Provided records:
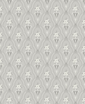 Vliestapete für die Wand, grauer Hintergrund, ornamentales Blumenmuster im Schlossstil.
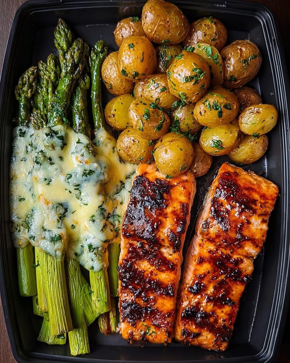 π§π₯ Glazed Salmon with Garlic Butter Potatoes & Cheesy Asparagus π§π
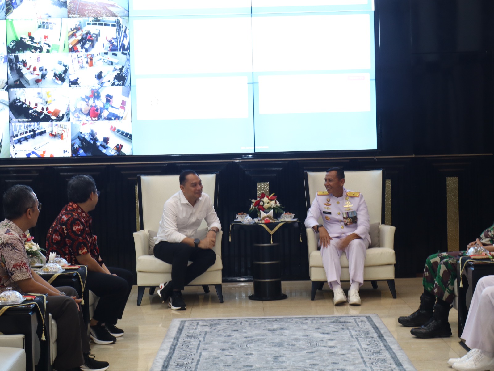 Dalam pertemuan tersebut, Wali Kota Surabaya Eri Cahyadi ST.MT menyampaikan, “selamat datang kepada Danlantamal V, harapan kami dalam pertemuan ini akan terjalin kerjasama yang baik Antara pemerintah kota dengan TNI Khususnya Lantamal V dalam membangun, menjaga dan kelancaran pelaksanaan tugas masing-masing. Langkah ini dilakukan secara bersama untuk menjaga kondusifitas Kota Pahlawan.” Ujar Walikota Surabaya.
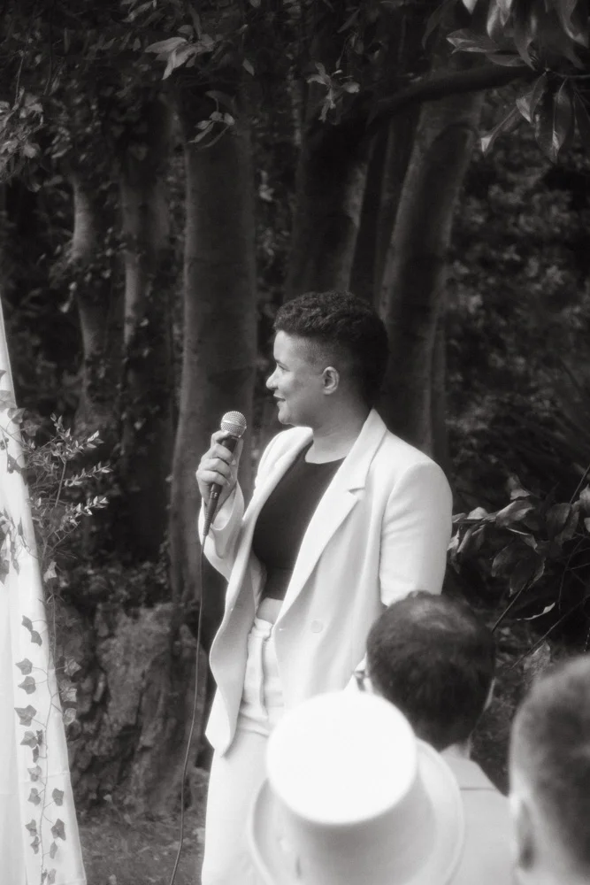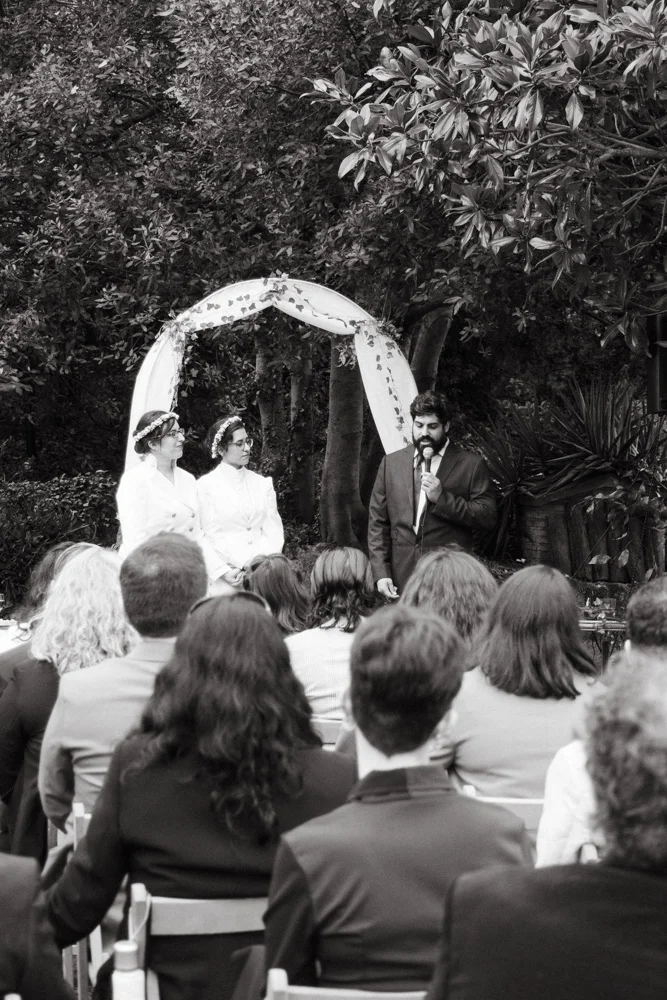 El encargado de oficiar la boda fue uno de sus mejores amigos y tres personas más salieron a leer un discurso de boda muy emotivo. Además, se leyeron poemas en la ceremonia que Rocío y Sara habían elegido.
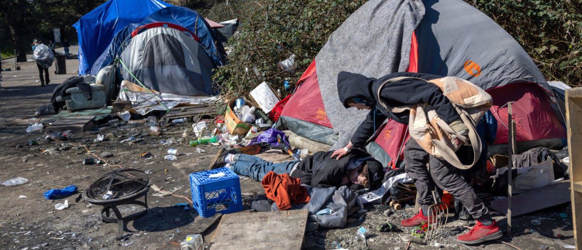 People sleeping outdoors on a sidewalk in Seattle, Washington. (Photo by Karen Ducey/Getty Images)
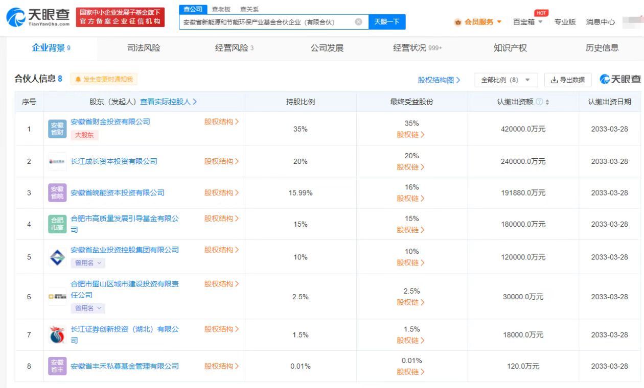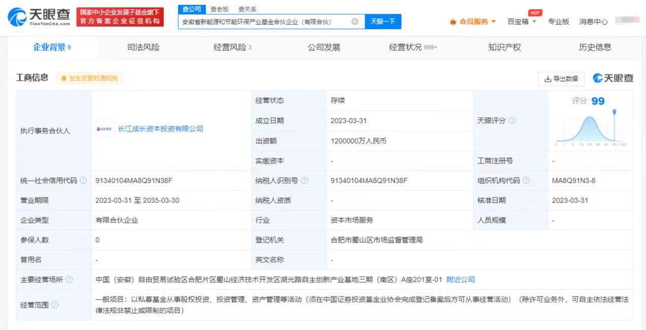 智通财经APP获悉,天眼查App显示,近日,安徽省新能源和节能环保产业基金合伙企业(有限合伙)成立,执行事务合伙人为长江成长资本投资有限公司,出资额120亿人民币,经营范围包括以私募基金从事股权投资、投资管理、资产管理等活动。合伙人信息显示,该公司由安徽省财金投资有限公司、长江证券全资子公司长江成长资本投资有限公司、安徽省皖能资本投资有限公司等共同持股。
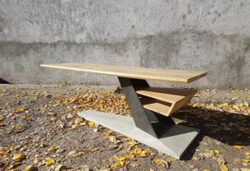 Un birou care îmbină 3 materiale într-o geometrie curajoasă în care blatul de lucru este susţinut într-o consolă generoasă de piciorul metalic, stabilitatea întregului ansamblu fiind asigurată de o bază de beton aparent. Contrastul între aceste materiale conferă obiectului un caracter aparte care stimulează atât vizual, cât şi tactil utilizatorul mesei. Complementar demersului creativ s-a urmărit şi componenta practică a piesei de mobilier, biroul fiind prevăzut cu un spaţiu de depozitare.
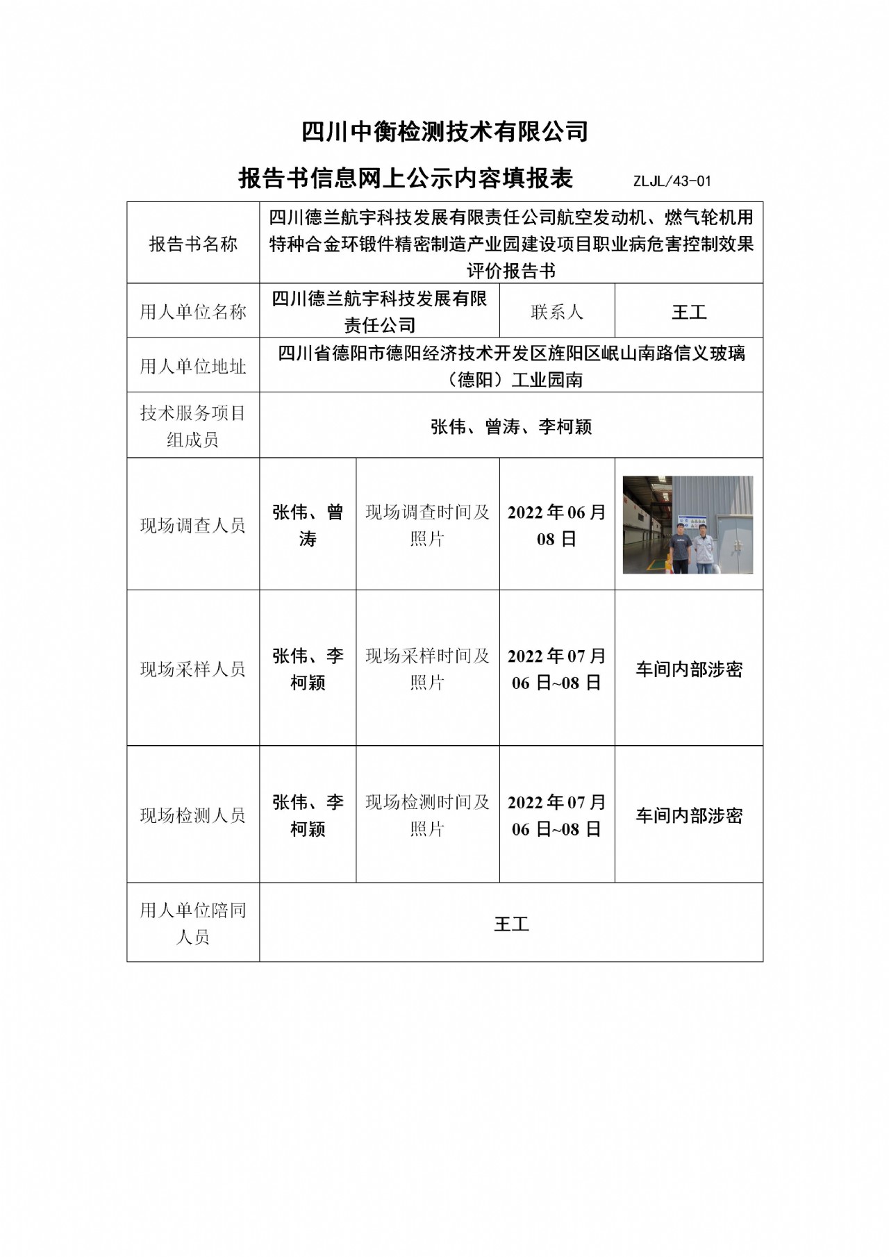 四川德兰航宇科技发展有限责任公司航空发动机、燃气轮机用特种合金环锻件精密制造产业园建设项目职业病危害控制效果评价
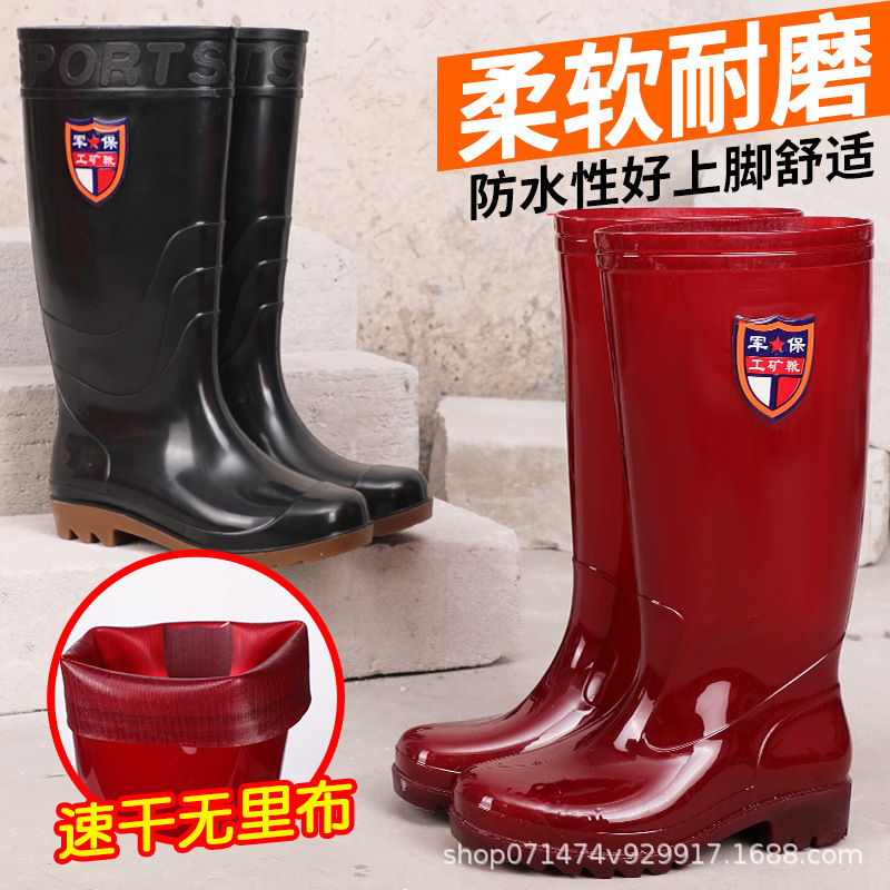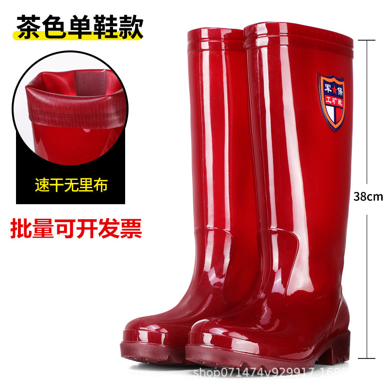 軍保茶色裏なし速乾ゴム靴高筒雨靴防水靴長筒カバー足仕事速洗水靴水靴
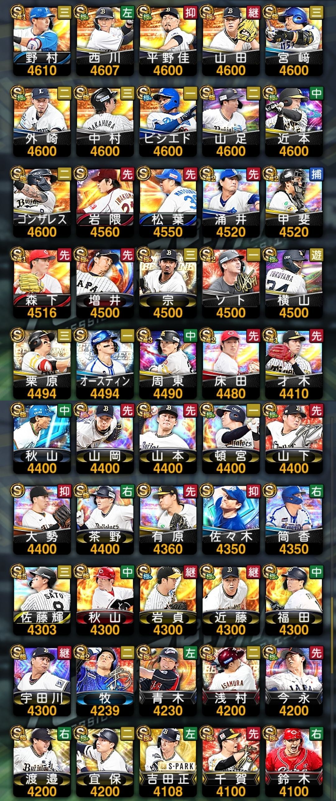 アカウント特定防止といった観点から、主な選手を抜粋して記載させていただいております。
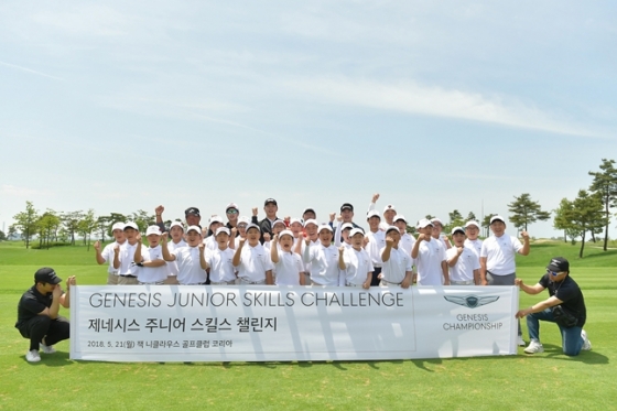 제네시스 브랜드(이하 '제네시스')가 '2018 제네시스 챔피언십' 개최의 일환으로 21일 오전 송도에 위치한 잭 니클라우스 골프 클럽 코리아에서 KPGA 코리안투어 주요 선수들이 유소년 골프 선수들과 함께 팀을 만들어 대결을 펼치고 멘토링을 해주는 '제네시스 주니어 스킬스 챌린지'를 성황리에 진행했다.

Problem to solve:
All lines above between the line that contains "四川德兰航宇科技发展有限责任" and the last line of the entries, both included, must be transcribed exactly. No pictures are to appear.

Exercise answer:
 四川德兰航宇科技发展有限责任公司航空发动机、燃气轮机用特种合金环锻件精密制造产业园建设项目职业病危害控制效果评价
 軍保茶色裏なし速乾ゴム靴高筒雨靴防水靴長筒カバー足仕事速洗水靴水靴
 アカウント特定防止といった観点から、主な選手を抜粋して記載させていただいております。
 제네시스 브랜드(이하 '제네시스')가 '2018 제네시스 챔피언십' 개최의 일환으로 21일 오전 송도에 위치한 잭 니클라우스 골프 클럽 코리아에서 KPGA 코리안투어 주요 선수들이 유소년 골프 선수들과 함께 팀을 만들어 대결을 펼치고 멘토링을 해주는 '제네시스 주니어 스킬스 챌린지'를 성황리에 진행했다.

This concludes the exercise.